Supplied material ▸
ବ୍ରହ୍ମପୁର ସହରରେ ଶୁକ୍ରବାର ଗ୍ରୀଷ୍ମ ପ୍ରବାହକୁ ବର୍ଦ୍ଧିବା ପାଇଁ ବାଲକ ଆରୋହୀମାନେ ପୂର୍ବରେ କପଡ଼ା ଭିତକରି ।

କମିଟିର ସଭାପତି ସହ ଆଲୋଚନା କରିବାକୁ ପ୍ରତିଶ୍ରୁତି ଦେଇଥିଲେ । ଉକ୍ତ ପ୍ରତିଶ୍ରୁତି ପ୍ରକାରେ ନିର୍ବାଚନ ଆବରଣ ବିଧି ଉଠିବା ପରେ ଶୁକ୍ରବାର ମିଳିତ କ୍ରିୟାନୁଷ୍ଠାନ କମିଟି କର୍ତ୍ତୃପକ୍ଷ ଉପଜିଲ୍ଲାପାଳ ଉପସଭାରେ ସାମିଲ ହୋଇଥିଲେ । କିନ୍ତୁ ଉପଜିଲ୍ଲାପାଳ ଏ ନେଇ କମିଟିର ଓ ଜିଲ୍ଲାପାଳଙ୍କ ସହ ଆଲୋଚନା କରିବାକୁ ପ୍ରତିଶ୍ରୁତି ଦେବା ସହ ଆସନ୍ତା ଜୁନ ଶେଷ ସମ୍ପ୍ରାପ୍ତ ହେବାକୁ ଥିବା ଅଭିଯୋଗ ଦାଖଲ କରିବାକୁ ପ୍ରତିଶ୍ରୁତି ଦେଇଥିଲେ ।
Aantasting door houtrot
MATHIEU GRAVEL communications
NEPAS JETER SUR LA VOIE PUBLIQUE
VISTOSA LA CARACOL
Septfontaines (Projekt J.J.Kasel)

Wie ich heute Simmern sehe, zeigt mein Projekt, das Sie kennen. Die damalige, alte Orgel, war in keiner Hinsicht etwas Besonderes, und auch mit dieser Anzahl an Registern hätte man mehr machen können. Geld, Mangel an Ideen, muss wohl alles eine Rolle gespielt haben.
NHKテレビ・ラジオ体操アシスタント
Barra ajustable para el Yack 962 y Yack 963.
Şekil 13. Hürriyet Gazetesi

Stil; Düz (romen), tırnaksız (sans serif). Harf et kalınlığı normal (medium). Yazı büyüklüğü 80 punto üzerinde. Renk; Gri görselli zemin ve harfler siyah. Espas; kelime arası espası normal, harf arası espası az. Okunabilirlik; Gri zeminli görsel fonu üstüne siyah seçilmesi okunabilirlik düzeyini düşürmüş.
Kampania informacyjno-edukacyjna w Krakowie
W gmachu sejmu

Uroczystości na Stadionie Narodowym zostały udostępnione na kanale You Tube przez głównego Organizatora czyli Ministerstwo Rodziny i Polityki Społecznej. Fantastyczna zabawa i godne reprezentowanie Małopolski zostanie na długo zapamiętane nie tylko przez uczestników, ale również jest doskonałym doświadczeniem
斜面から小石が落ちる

---

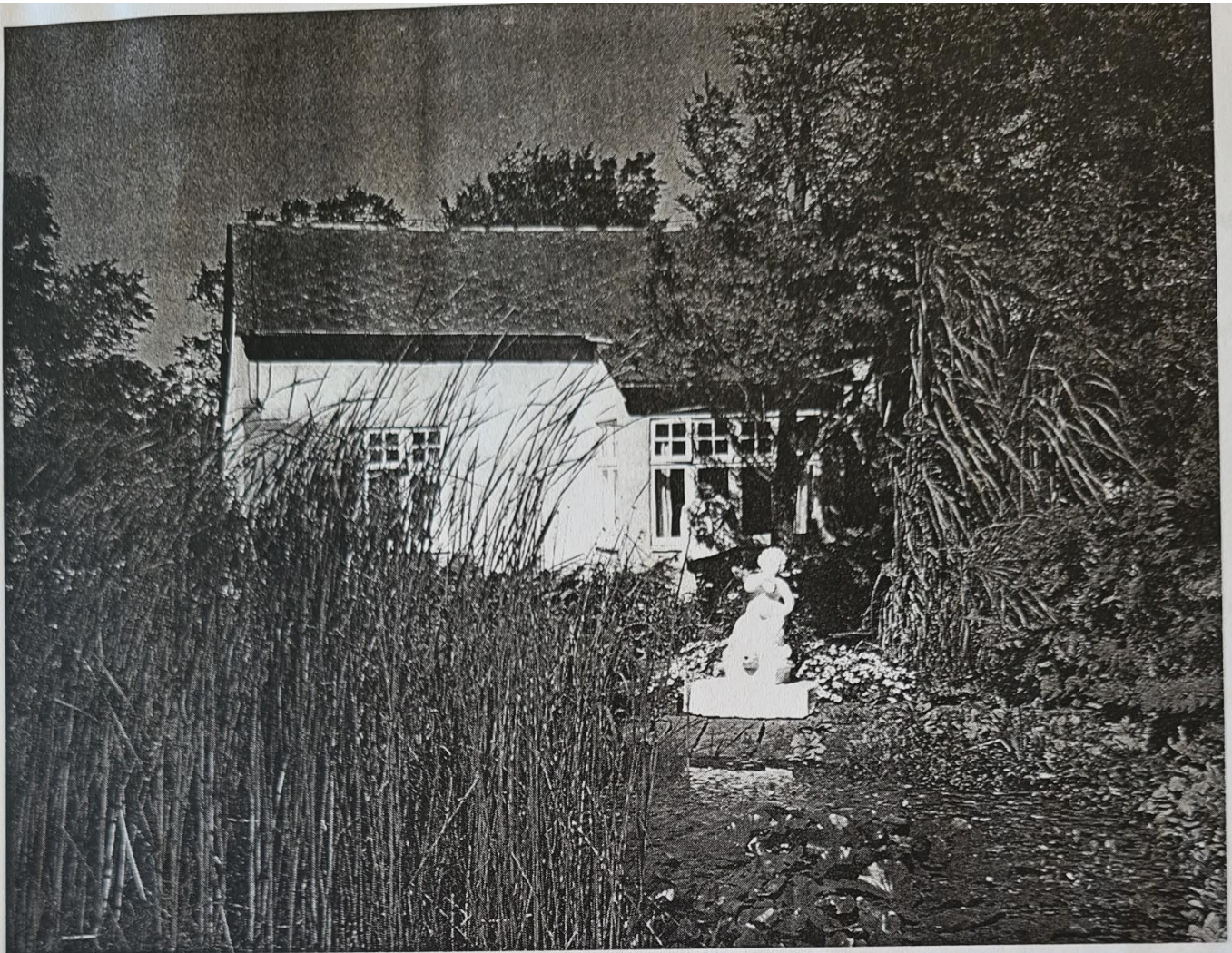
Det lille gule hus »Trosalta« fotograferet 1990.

Exercise prompt ▸ Give only the lines from the one holding "Kampania informacyjno-edukacyjna w Krakowie" through the one holding "W gmachu sejmu", each restated exactly as it appears above.

Answer area ▸
Kampania informacyjno-edukacyjna w Krakowie
W gmachu sejmu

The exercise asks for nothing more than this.